Now another SRT application can connect to that SRT stream on 192.168.2.3:4900
provided by tsp
, e.g., srt-live-transmit sample application to flip it back to MPEG-TS.
srt-live-transmit.exe srt://192.168.2.3:4900 udp://192.168.2.49:10002
Or VLC player: press CTRL+N
to open a new network stream and type in URL srt://192.168.2.3:4900
to connect to the stream in this example.

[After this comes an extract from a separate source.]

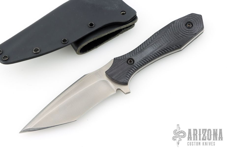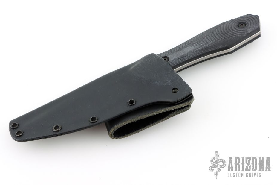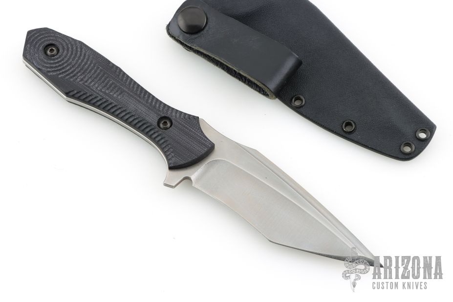 This Covert by Biegler Blades features a stonewashed blade with false top edge, .126" blade stock and 1.355" blade depth, full tang construction. The handle has black G-10 scales. Comes with a kydex sheath. Excellent condition.

Analyzing incoming SRT stream
Incoming SRT stream containing MPEG-TS one can also be analyzed. The following example would connect in caller mode to the SRT stream, which was sent out using tsp
as described in the section above and perform an analysis for 10 seconds:
tsp -I srt --caller 192.168.2.3:4900 --transtype live --messageapi -P until --seconds 10 -P analyze -O drop
It would generate an output to stdout
like this (shortened)
===============================================================================
| TRANSPORT STREAM ANALYSIS REPORT |
|=============================================================================|
| Transport Stream Id: .......... 1 (0x0001) | Services: .............. 1 |
| Bytes: ........................ 99,391,840 | PID's: Total: .......... 4 |
| TS packets: ...................... 528,680 | Clear: .......... 4 |
| With invalid sync: .................. 0 | Scrambled: ...... 0 |
| With transport error: ............... 0 | With PCR's: ..... 1 |
| Suspect and ignored: ................ 0 | Unreferenced: ... 0 |
|-----------------------------------------------------------------------------|
| Transport stream bitrate, based on ....... 188 bytes/pkt 204 bytes/pkt |
| User-specified: ......................... 69,642,777 b/s 75,569,821 b/s |
| Estimated based on PCR's: ............... 58,771,501 b/s 63,773,331 b/s |
|-----------------------------------------------------------------------------|
| Broadcast time: .................................... 11 sec (0 mn 11 sec) |
|-----------------------------------------------------------------------------|
| Srv Id Service Name Access Bitrate |
| 0x0001 Service01 .................................... C 67,660,510 b/s |
| |
| Note 1: C=Clear, S=Scrambled |
| Note 2: Unless specified otherwise, bitrates are based on 188 bytes/pkt |
===============================================================================
...
Output was cut off here. For more details perform this on your stream or see the TSDuck user's guide.